**Information:**
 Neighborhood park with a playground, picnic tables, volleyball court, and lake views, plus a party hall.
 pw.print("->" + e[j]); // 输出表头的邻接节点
--
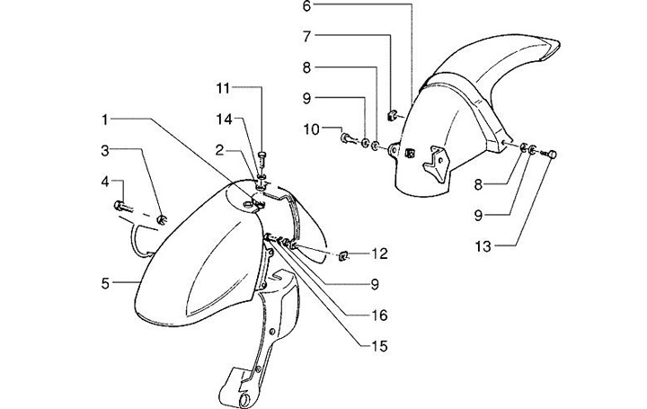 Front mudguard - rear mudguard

**Task details:**
What you return must be an exact retyping of the lines above starting at the line with "Neighborhood park with" and ending at the line with "e[j]); // 输出表头的邻接节点", and nothing besides.

**Exercise answer:**
 Neighborhood park with a playground, picnic tables, volleyball court, and lake views, plus a party hall.
 pw.print("->" + e[j]); // 输出表头的邻接节点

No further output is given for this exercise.